(Beginning of Recorded data)

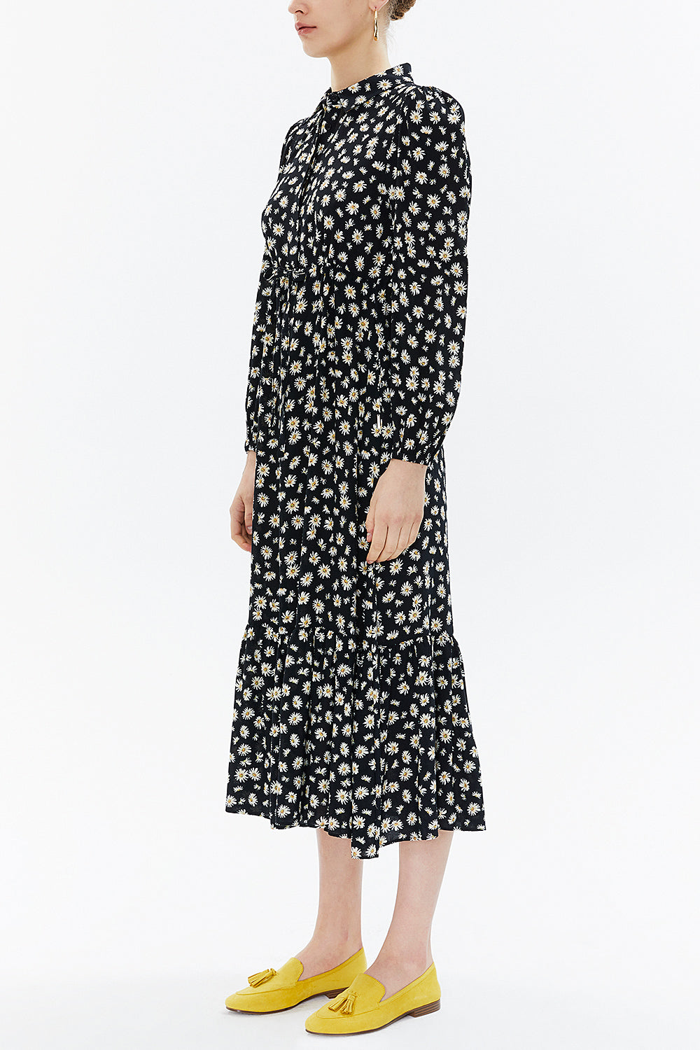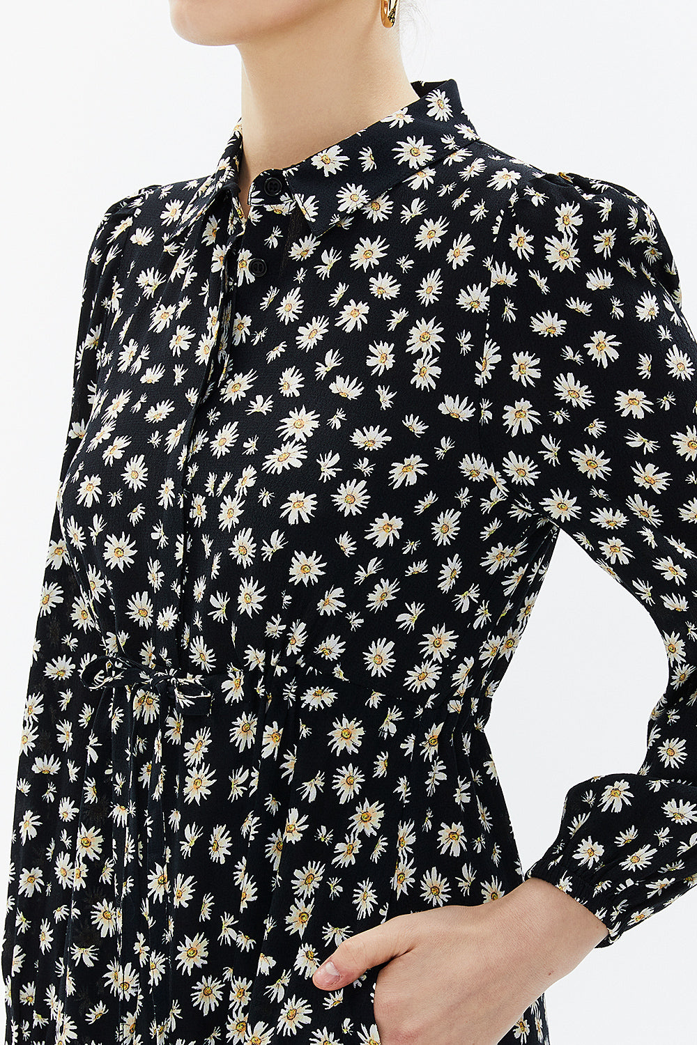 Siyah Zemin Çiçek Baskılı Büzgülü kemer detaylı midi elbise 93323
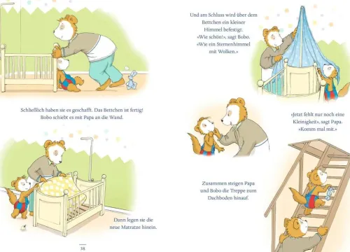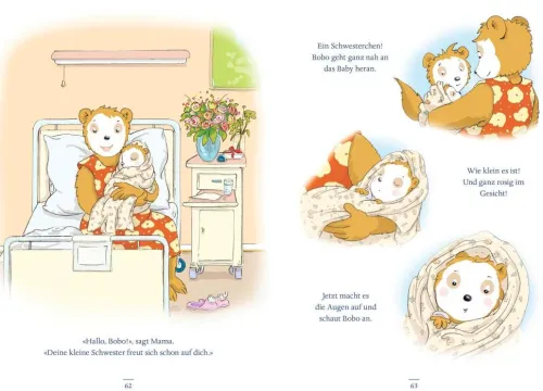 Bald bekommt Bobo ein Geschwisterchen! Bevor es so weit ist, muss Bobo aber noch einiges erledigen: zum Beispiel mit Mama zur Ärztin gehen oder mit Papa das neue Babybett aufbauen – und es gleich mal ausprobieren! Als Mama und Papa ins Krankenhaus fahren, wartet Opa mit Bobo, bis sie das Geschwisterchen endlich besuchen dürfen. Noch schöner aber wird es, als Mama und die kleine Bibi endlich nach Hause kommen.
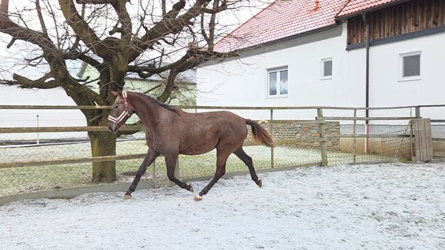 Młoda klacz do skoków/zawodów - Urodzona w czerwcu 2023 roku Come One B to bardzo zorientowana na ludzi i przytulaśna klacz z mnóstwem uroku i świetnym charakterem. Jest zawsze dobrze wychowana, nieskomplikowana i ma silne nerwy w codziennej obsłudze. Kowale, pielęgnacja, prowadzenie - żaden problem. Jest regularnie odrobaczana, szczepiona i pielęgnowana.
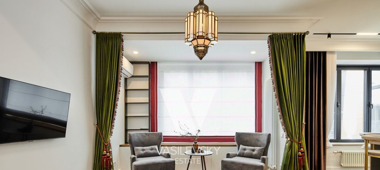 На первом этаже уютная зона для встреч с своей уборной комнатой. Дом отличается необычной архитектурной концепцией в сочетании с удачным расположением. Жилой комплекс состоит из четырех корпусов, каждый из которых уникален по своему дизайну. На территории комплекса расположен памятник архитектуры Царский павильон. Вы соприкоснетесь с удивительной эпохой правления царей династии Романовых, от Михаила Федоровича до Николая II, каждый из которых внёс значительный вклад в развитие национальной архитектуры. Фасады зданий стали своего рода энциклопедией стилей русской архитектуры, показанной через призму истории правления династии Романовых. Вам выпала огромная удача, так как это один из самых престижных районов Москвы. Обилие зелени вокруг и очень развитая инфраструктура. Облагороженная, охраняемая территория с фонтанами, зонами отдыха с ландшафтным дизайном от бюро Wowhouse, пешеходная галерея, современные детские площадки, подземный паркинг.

(End of Recorded data)

Task directions: Your copy of the listing should match it exactly, apart from the pictures, which are left out.

Response box:
 Siyah Zemin Çiçek Baskılı Büzgülü kemer detaylı midi elbise 93323
 Bald bekommt Bobo ein Geschwisterchen! Bevor es so weit ist, muss Bobo aber noch einiges erledigen: zum Beispiel mit Mama zur Ärztin gehen oder mit Papa das neue Babybett aufbauen – und es gleich mal ausprobieren! Als Mama und Papa ins Krankenhaus fahren, wartet Opa mit Bobo, bis sie das Geschwisterchen endlich besuchen dürfen. Noch schöner aber wird es, als Mama und die kleine Bibi endlich nach Hause kommen.
 Młoda klacz do skoków/zawodów - Urodzona w czerwcu 2023 roku Come One B to bardzo zorientowana na ludzi i przytulaśna klacz z mnóstwem uroku i świetnym charakterem. Jest zawsze dobrze wychowana, nieskomplikowana i ma silne nerwy w codziennej obsłudze. Kowale, pielęgnacja, prowadzenie - żaden problem. Jest regularnie odrobaczana, szczepiona i pielęgnowana.
 На первом этаже уютная зона для встреч с своей уборной комнатой. Дом отличается необычной архитектурной концепцией в сочетании с удачным расположением. Жилой комплекс состоит из четырех корпусов, каждый из которых уникален по своему дизайну. На территории комплекса расположен памятник архитектуры Царский павильон. Вы соприкоснетесь с удивительной эпохой правления царей династии Романовых, от Михаила Федоровича до Николая II, каждый из которых внёс значительный вклад в развитие национальной архитектуры. Фасады зданий стали своего рода энциклопедией стилей русской архитектуры, показанной через призму истории правления династии Романовых. Вам выпала огромная удача, так как это один из самых престижных районов Москвы. Обилие зелени вокруг и очень развитая инфраструктура. Облагороженная, охраняемая территория с фонтанами, зонами отдыха с ландшафтным дизайном от бюро Wowhouse, пешеходная галерея, современные детские площадки, подземный паркинг.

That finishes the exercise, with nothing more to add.